More than 3,800 citizens killed by organized crime so far in 2008.

Twenty-three journalists murdered since 2000.

Second only to Russia in journalists “disappeared” since 1982.

“The numbers are eloquent,” Carlos Lauria of the Committee to Protect Journalists said, introducing the statistics projected onto the screen behind him. But as the conference — “Scared Silent: Mexico’s Journalists Under Siege” — continued at Columbia University’s School of Journalism, it became clear that the numbers don’t tell the whole story.

Why the new spike in violence, when the primary cause — warring drug cartels — isn’t new? And, with Tijuana experiencing as many deaths in recent weeks as Baghdad, how do reporters approach a story that combines challenges conventionally associated not just with organized crime, but with terrorism, repression and war?

For reporters accustomed to a standard crime beat, one challenge Mexico poses is covering chronic violence as a “social story,” in the words of Jose Luis Santiago Vasconcelos, former Deputy Attorney General for Organized Crime, “instead of reporting it from a cops and robbers point of view.”

Angela Kocherga, the border bureau chief for Belo Television, echoed this sentiment, describing news consumers as experiencing “battle fatigue.” “We need to get past the body count,” she said, and cover the impact on communities. But as the conference made clear, the absence of such stories is less a reflection of journalists’ desires than of the threats, direct and indirect, that face those who expose people in power.

When Joel Simon, of the Committee to Protect Journalists, asked a panel of Mexican reporters what stories they would write if they faced no threat of danger themselves, all of them described connecting the killings and kidnappings to the networks of criminals, politicians and consumers that underlie the drug trade and give the local violence global significance.

Dudley Althaus, Mexican bureau chief for the Houston Chronicle wanted to profile a “drug town,” to “go into a town and investigate everyone.” Mariana Martínez Esténs, a journalist based in Tijuana, wanted to write a “tomato story,” following a kilo of drugs from production to consumption the way journalists follow a tomato from vine to ketchup.

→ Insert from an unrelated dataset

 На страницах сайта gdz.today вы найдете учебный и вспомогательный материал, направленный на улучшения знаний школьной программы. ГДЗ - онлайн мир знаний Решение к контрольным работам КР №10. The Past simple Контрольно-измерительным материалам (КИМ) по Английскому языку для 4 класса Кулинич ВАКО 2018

Kocherga’s dream story was tracing the "tomato" traveling in the opposite direction; she wanted to follow the guns, which originate largely in the United States.

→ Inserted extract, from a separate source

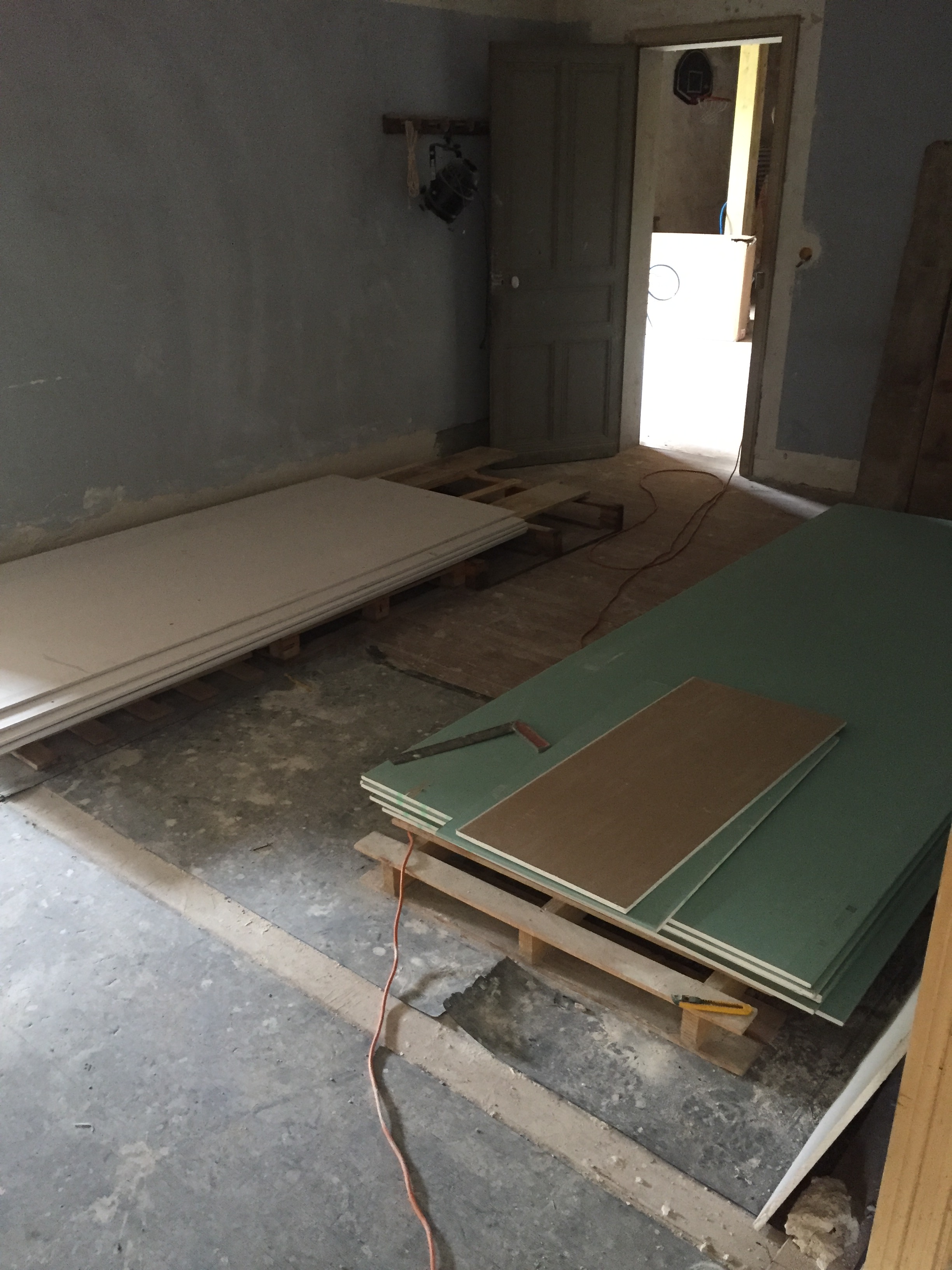 On remonte à l’étage, pour utiliser les plaques de BA13 qui nous restent…

Ramón Alberto Garza, CEO and President of Montemedia Indigo Media, admonished the media, himself included, for not telling these kind of stories and focusing instead on the “puppets.”

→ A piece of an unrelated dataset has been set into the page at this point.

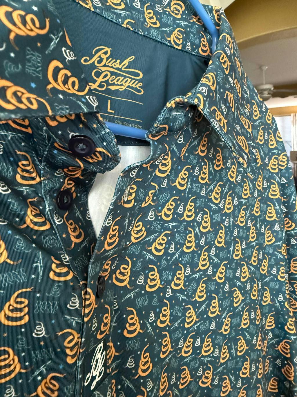 Bush League hit another home run with the Dropping Bombs polo! Size and fits perfectly, love the graphics. This is my second shirt but will definitely be getting more!!

“We have forgot the puppeteers,” said Garza. “We are counting bodies, having statistics, and talking and talking about every year more journalists fall because of this situation … but we are failing to go deeper on what is producing this. As well as the government is quote ‘failing’ at tackling the drugs and corruption, we are failing at identifying the real source of such corruption, and we are wasting our time.”

But when Bloomberg investigative reporter Michael Smith asked if it would be possible to write stories that attempt to go deeper, to connect the dots and name names, the answer came back that journalistically it would be easy.  In practical terms, however, it would be almost impossible.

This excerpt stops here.